Volar Plate Avulsion injuries can occur when the proximal interphalangeal (PIP) joint of a finger is hyperextended causing a ligamentous injury. Many of these injuries are frequently seen in athletes, especially ball-handling sports. The collateral ligament injury usually heals without difficulty, although scar tissue formation can occur in the healing of this ligament. The scar formation from the healing collateral ligament often results in enlargement on one side of the PIP joint leading to the appearance of a permanent bulge.

What are the signs and symptoms of volar plate injury?

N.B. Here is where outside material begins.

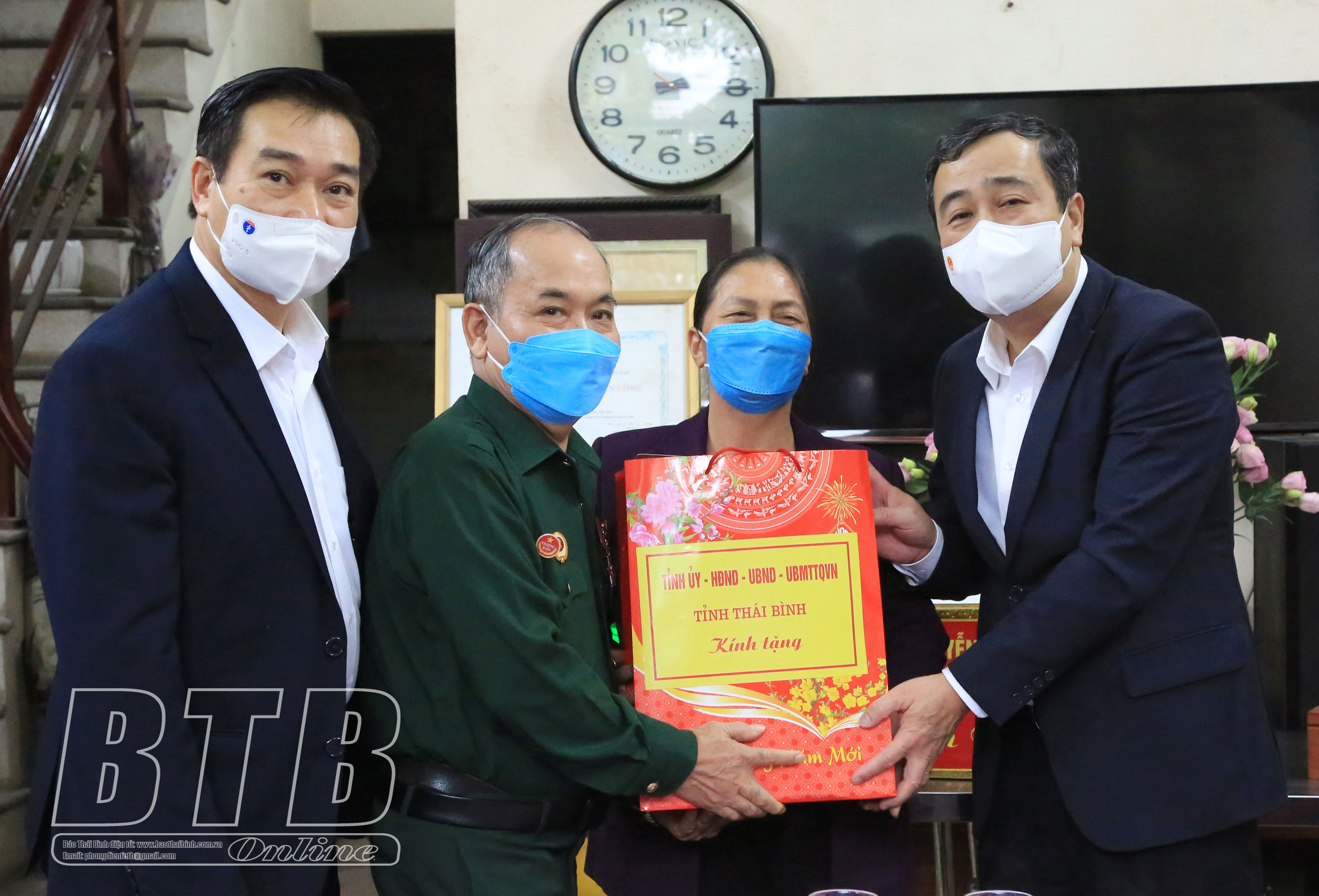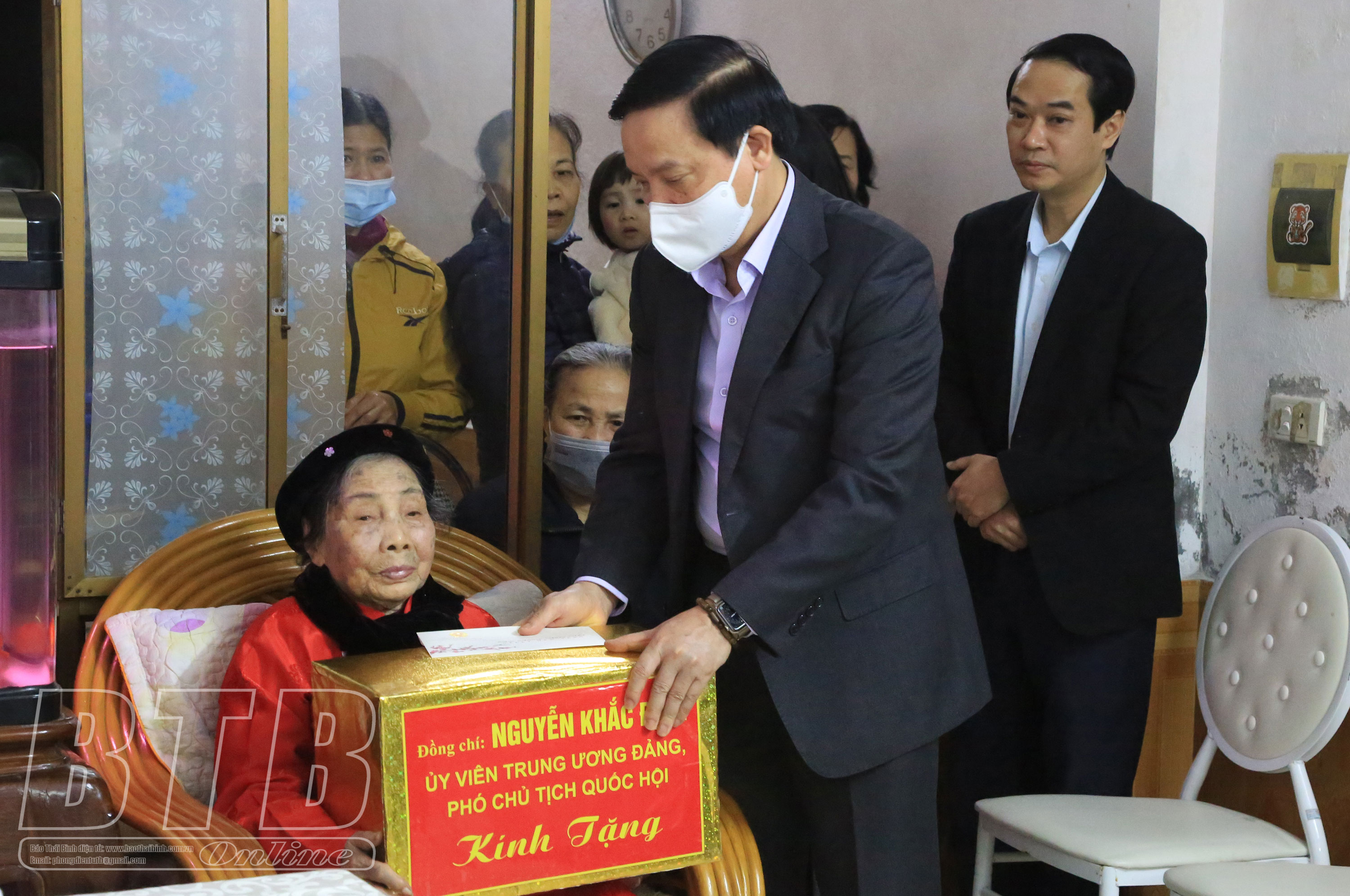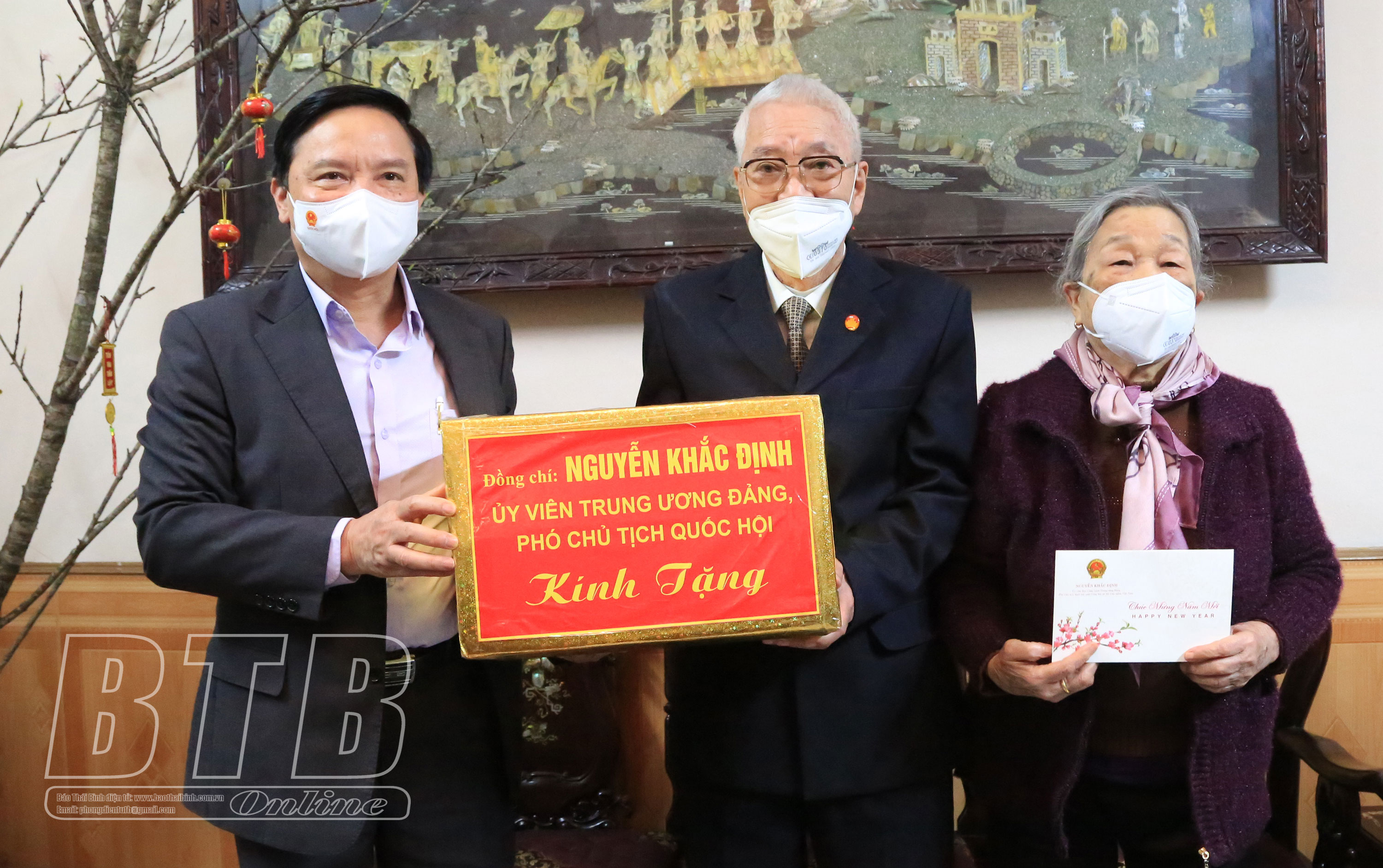 Nhân dịp tết Nguyên đán Nhâm Dần 2022, chiều ngày 21/1, các đồng chí: Nguyễn Khắc Định, Ủy viên Ban Chấp hành Trung ương Đảng, Phó Chủ tịch Quốc hội; Ngô Đông Hải, Ủy viên Ban Chấp hành Trung ương Đảng, Bí thư Tỉnh ủy; Lê Văn Thanh, Thứ trưởng Bộ Lao động - Thương binh và Xã hội; Nguyễn Thị Thúy Ngần, Phó Chủ nhiệm Văn phòng Quốc hội thăm, tặng quà gia đình chính sách và người cao tuổi tiêu biểu trên địa bàn thành phố Thái Bình. Cùng đi có các đồng chí Ủy viên Ban Thường vụ Tỉnh ủy, lãnh đạo Sở Lao động - Thương binh và Xã hội.

Careful assessment should be performed in determining the severity of the Volar Plate injury. The description of the Volar Plate injury involves either stretching of ligaments, or much more serious, an avulsion fracture (where the ligament has pulled off a piece of bone from the joint surface of the middle phalanx). Signs and symptoms could include: significant swelling or deformity at the joint, pain when the finger is resting, inability to move the joint fully, severe pain with range of motion of the finger. X-rays can help determine an avulsion fracture along with a Volar Plate injury.

What is the treatment?

Treatment and rehabilitation are important in regaining an optimal outcome. Immobilization of the joint is necessary for a short time. After the first few days of immobilization/splinting, range of motion exercises are to follow to prevent joint stiffness. Range of motion exercises will be explained to you by the physician, nurse, or therapist. “Buddy taping” the injured finger to a non-injured finger is often recommended to assist in range of motion during the healing period. “Buddy taping” the fingers is recommended 24 hours a day for a short time.